Carrefour giratoire (Sergio)
Il était 17 h45 ce soir d’hiver
PIOTR fonçait perché dans la cabine toute neuve de son SCANIA V8 730 CH. Il n’en revenait pas de conduire un tel camion. Lui, le petit enfant de la campagne bulgare il revoyait son père Pavel, le pêcheur qui revenait juché debout sur son char attelé à un bœuf une fois sa journée terminée à Artchar, son village de naissance .Il le voyait arrivé, son père était un géant indestructible. Maintenant il était mort, terrassé par le « crabe »héritage des cigarettes « Belomorkanal » spaciba URSS. Maintenant, c’était lui qui était le chef de famille mais lui arpentait les routes d’Europe, loin de chez lui sur son char moderne. Ce soir, insouciant dans sa nouvelle cabine confortable, climatisée et insonorisée il roulait vite, trop vite vers ce giratoire. Roulant vers l’ouest le soleil couchant l’éblouissait mais il était ailleurs perdu dans sa solitude et sa nostalgie.
Il était 17h45 ce soir d’hiver.
Marcel, pied au plancher dans sa vieille camionnette de chantier rentrait chez lui après un après-midi bien arrosé. Il faisait froid ce jour-là et il n’avait pu avec son équipe couler la dalle de compression du plancher du premier niveau .Le chantier était encore ouvert à tous les vents. Avec cette bise polaire déferlant du nord et des températures négatives le coulage était impossible techniquement. Ils auraient coulé mais le contrôleur technique avait mis son véto. Le froid et la météo n’avaient pas de prise sur eux. C’était leur fierté d’homme, la seule peut être mais ils s’y accrochaient. Attitude incompréhensible pour l’architecte parisien qui les saluait à peine, du bout des lèvres et qui serait furieux lors du prochain rendez-vous de chantier .Il avait donc invité toute son équipe au routier du coin pour arroser la petite fille de Jésus son chef d’équipe .Arrosée, le terme le plus indiqué serait plutôt inondée. Mais bon, Marcel rentrait chez la « baronne »et bien que le soleil lui fasse de l’œil, il avait bien vu le camion flambant neuf qui fonçait sur la route venant de droite. Mais, foi de Marcel ce n’est pas ce cochon d’étranger de l’est avec son camion rouge qui allait l’impressionner. Ah non pas lui, pas Marcel !!!!!

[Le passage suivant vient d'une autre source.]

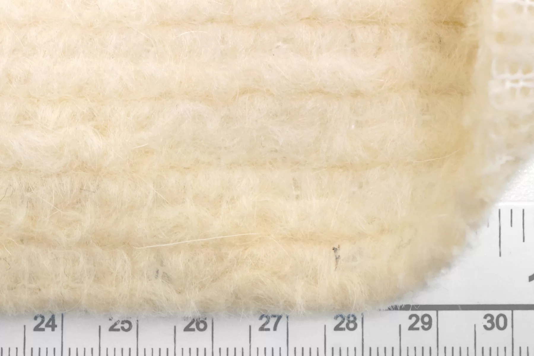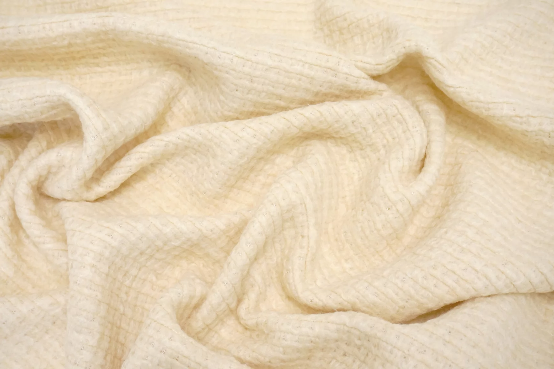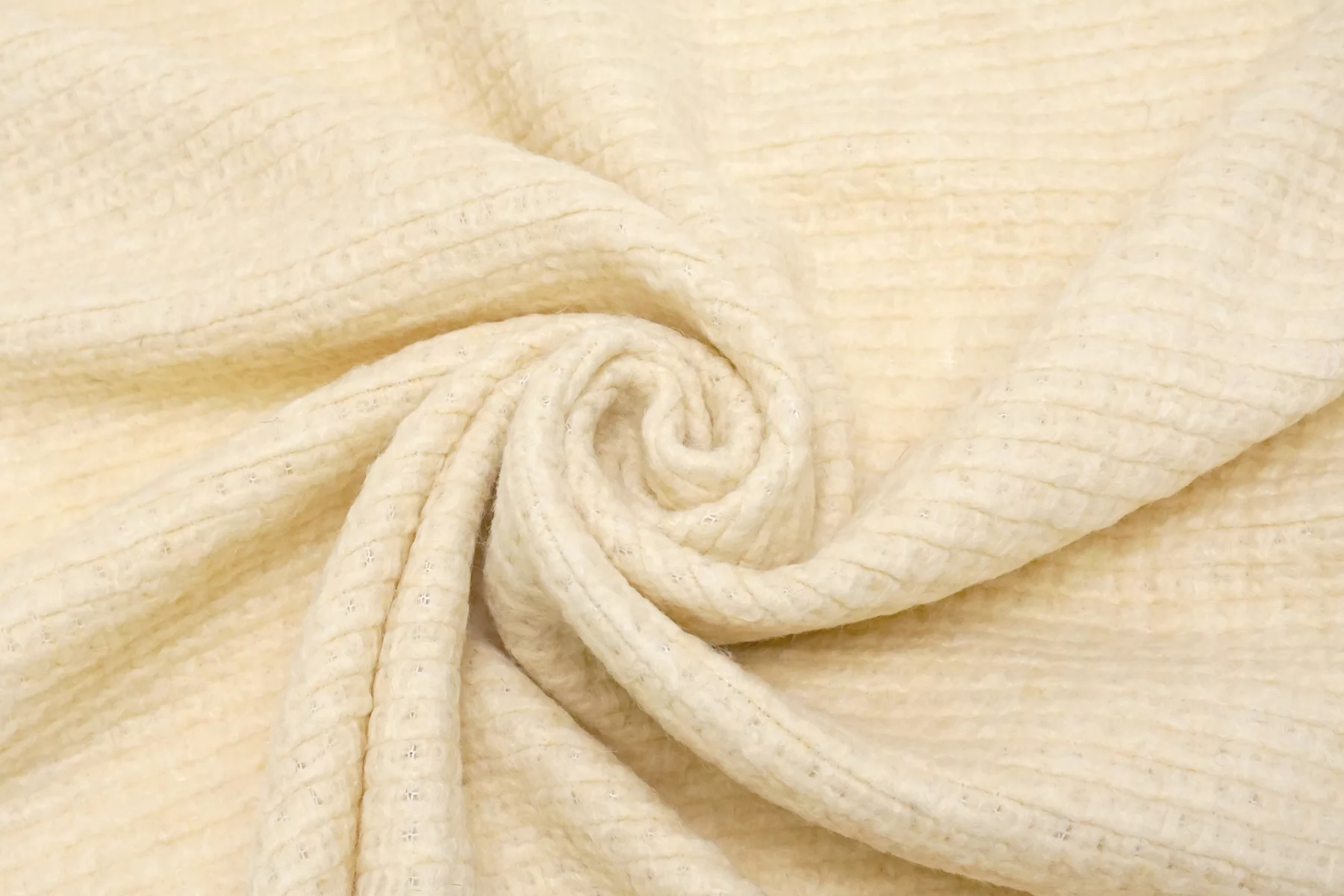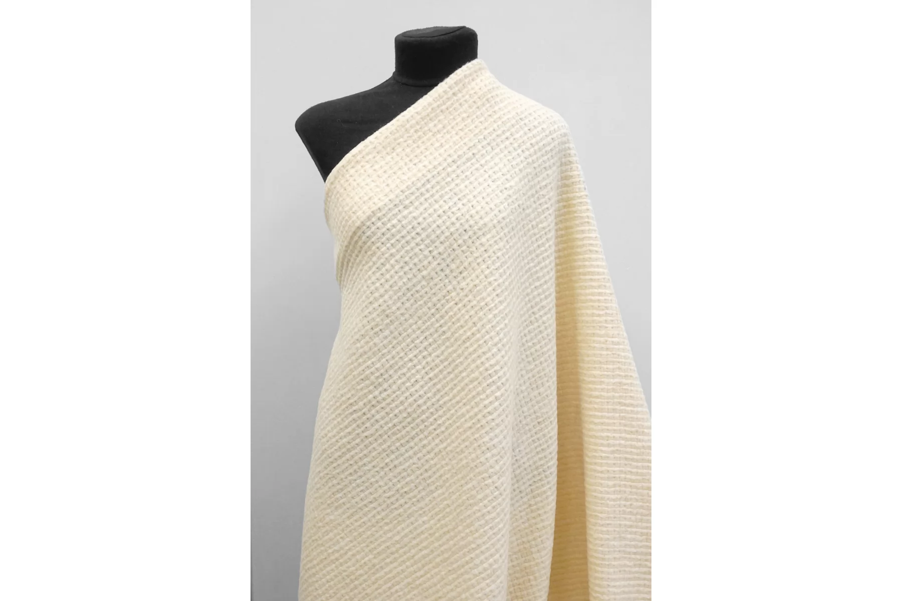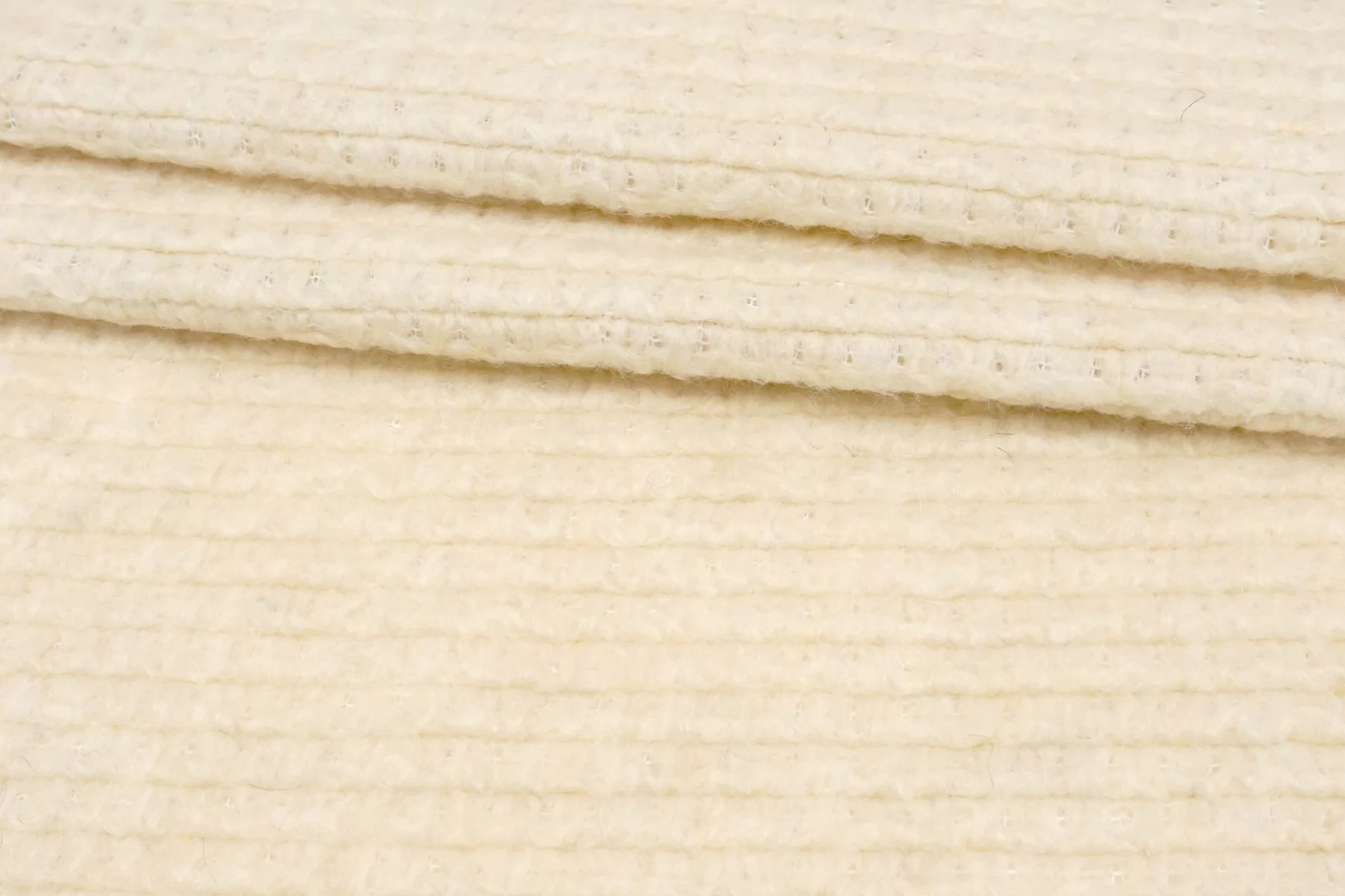 Классный фактурный шерстяной трикотаж в нежном сливочном оттенке. Мягкий, с прижатым ворсом. Немного покалывает. Плетение не плотное, немного просвечивает. Толстенький, примерно 5 мм. Форм держит, довольно пластичен. Стабильный, особо не тянется. Подойдет на мягкие жакеты, кофты, бомберы, костюмы. Учитывайте возможную усадку. Уход деликатный.

Il était 17h45 ce soir d’hiver
Marie rentrait chez elle, après sa journée de travail au supermarché du sud. Elle était caissière, non ! hôtesse de caisse maintenant, dixit le nouveau DRH. Son salaire n’avait pas évolué depuis. Son compagnon, amateur de western italien déclamait l’air sérieux, singeant Clint Eastwood «Tu sais Marie, dans la vie il y a deux catégories de personnes. Ceux qui ont un costume gris de premier de la classe et ceux qui rament. Eh bien toi Marie tu rames !!!! »Ils éclataient de rire et le soir, heureux ils se repassaient le film. Elle avait récupéré chez la nounou en plus de son trésor, son petit Jules tout blondinet, les deux jumelles de sa sœur. Ces deux pestes se chamaillaient et tentaient de se tirer les couettes bien que, séparées par le siège auto de P’ti Jules. La route était glissante. Elle savait que dans ces plaines balayées par la bise les sols se couvraient de verglas. Avec ses pneus lisses, qu’elle n’avait pu changer le mois passé elle se dépêchait de rentrer. Elle se retourna, exaspérée par les cris stridents des deux chipies.
Il était 17h45 ce soir d’hiver
Daoud roulait tranquillement, plein sud direction Marseille puis la Tunisie .L’hiver il rentrait chez lui cumulant tous ses congés, récup, RTT. Il détestait le froid humide qui te transperce. Vivement le soleil de Tozeur, la porte du désert et la lumière éclatante, éblouissante, assourdissante du Chott-el-Djérid. Daoud roulait prudemment. Il n’était pas pressé et le chargement sur la galerie invitait à la prudence. Tout le monde lui disait « tu pars au bled Daoud ? » « EH comment t’as deviné ? » « j’sais pas, la galerie…… » Et là ,ils éclataient de rire. Il emmenait des cadeaux pour la famille plus des produits introuvables qu’il revendrait et puis toutes les commandes spécifiques ;un pot d’échappement de Renault 12.un tambour de machine à laver de tel modèle, même deux pneus neige 175-55-R17 pour son cousin Djalil .La commande l‘avait surpris mais il avait promis. Peut-être que Djalil anticipait la prochaine glaciation ?? Inch Allah !!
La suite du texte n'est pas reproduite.